*** DATA SHOWN ***

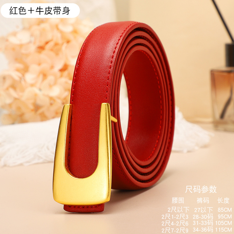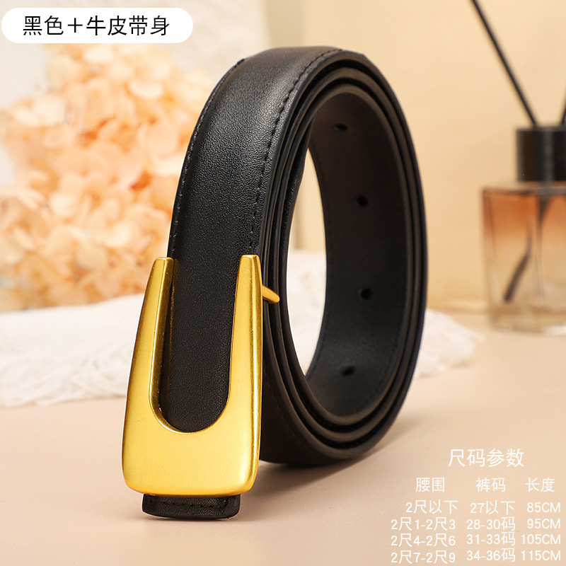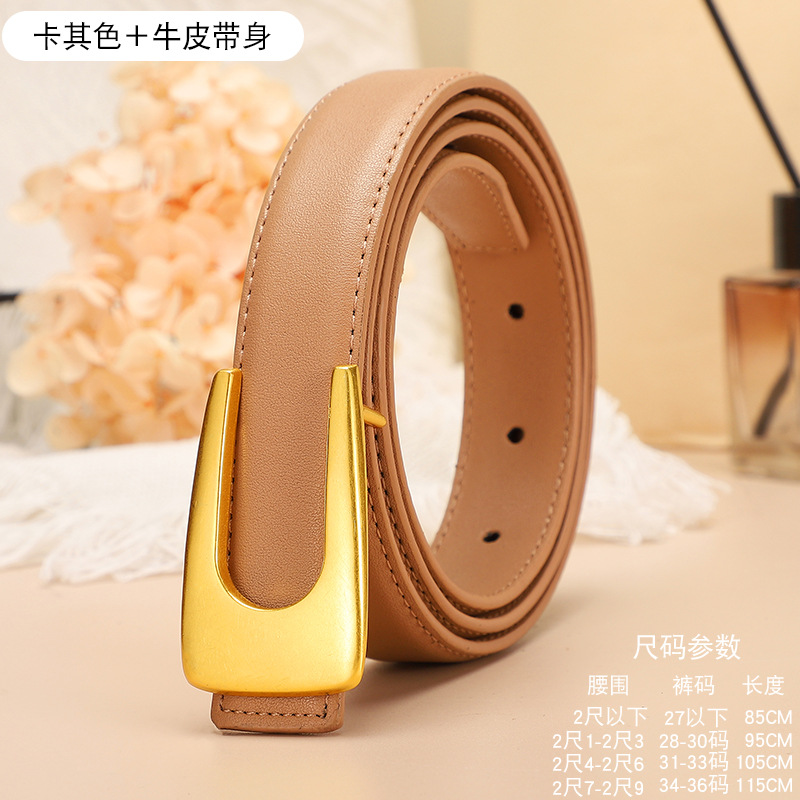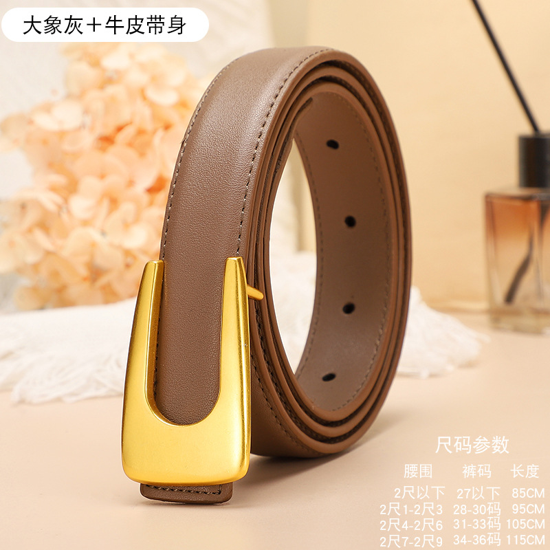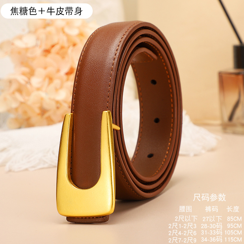 腰带女u形平滑扣百搭牛仔裤ins简约装饰真皮二层复古腰带皮带女
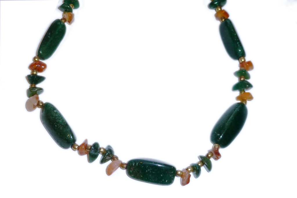 Aventurine Tri Corners with Carnelian and Aventurine Chips, Gold Plated Beads, Trigger Clasp and Jump Ring 60cm (24″). Pack of 2 Necklaces.
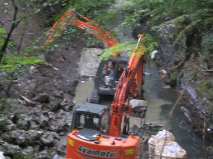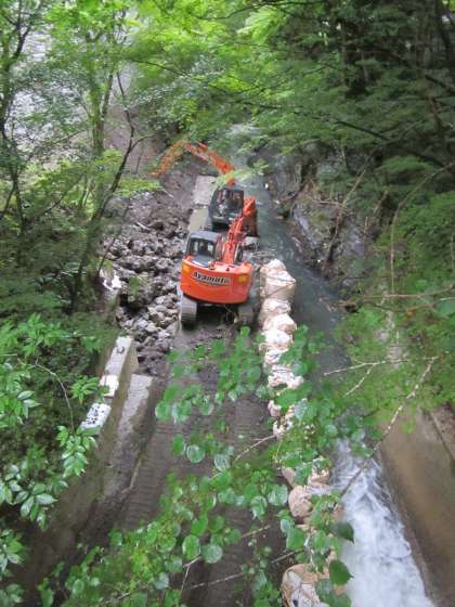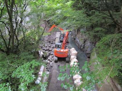 河川工事現場の方が,早朝から川に入って作業をされていました。天候によっては中止されることもあるそうです。
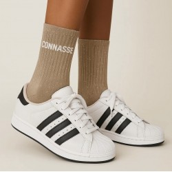 Affirme ton style avec humour grâce aux chaussettes à paillettes WOOM "Connasse" !
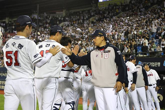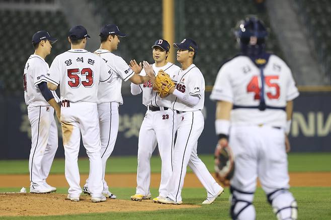 이아 9회초 홍건희가 마운드에 올라 대타 이성규에게 볼넷을 내주긴 했으나, 이후 삼성 타선을 차례대로 처리해내며 승리의 마침표를 찍었다.
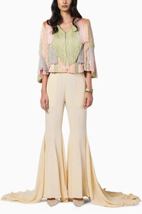 Featuring a handcrafted statement cape made with a silk base and multi-colored fringes cascading from the shoulder to the waist, this ensemble by 431-88 blends comfort with flair. The Fringe Mint Cape is structured with padded shoulders for a sharp silhouette and fits snugly, with the fringes adding dynamic movement. Paired with the Sharara Peach Pants, crafted in luxurious crepe with a flowing trail and practical side pockets, this co-ord set is the perfect mix of drama and elegance for any festive affair.
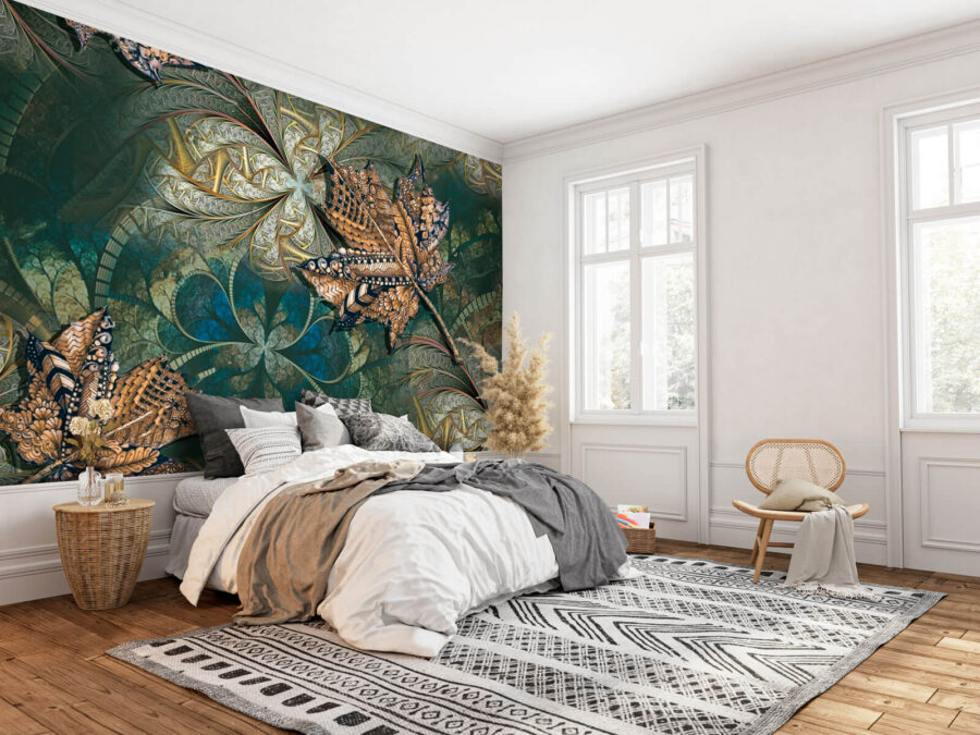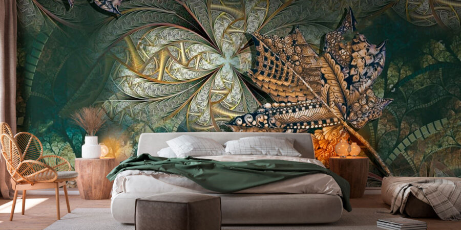 Imagine entrar numa sala que parece um refúgio acolhedor na floresta – este mural faz exatamente isso! Com as suas folhas vibrantes a dançar sobre um fundo rico e colorido, é como se a Mãe Natureza decidisse dar uma pequena festa mesmo na sua parede. Os desenhos intrincados em cada folha têm uma história para contar, convidando à curiosidade de qualquer pessoa que olhe para ela. Imagine-se a relaxar com uma chávena de café, admirando a forma como as cores mudam com a luz ao longo do dia. É o tipo de mural que desperta devaneios e dá vida a qualquer espaço – perfeito para quem deseja um toque de natureza dentro de casa. Uma verdadeira festa para os olhos e um fantástico início de conversa!
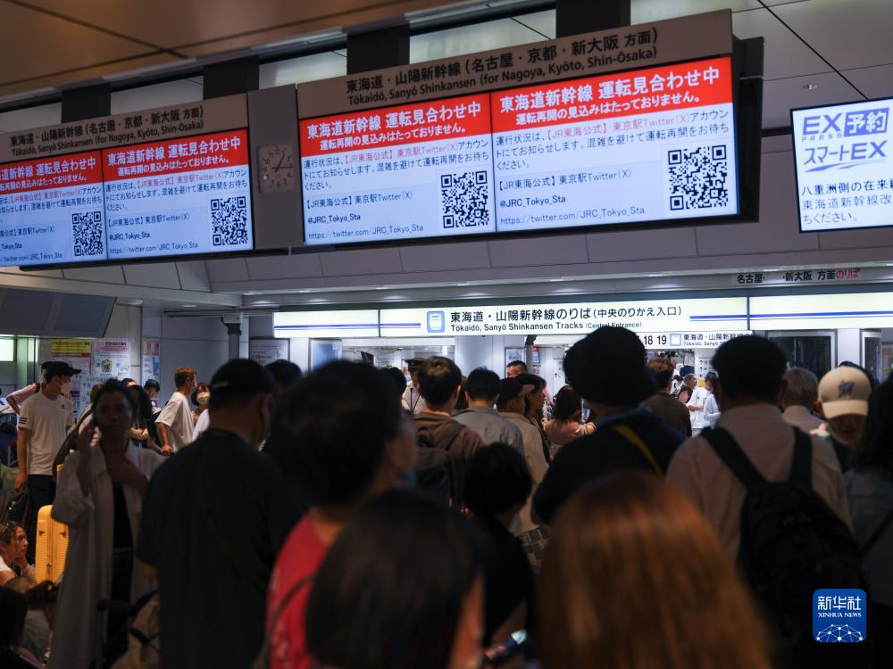 當日,受今年第7號臺風(fēng)“蘭恩”影響,日本東海道新干線(xiàn)列車(chē)全線(xiàn)停運,導致大量旅客滯留。
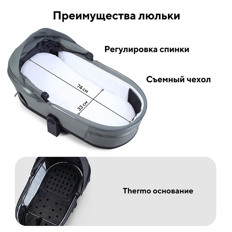 Термолюльку с облегченным дном из специального материала. Легкость установки и переноски, возможность использования в качестве временной кроватки. Термодно создает оптимальный микроклимат для ребенка в любое время года: летом – прохладу и циркуляцию воздуха, зимой – защиту от холода и сохранение тепла. Прочное дно гарантирует безопасность во время прогулок.

*** End of DATA SHOWN ***

**WHAT TO DO**
Repeat exactly and only the lines from the start of the data above through the line that holds "河川工事現場の方が,早朝から", inclusive. Pictures do not belong in the copy.

**EXPECTED ANSWER**
 腰带女u形平滑扣百搭牛仔裤ins简约装饰真皮二层复古腰带皮带女
 Aventurine Tri Corners with Carnelian and Aventurine Chips, Gold Plated Beads, Trigger Clasp and Jump Ring 60cm (24″). Pack of 2 Necklaces.
 河川工事現場の方が,早朝から川に入って作業をされていました。天候によっては中止されることもあるそうです。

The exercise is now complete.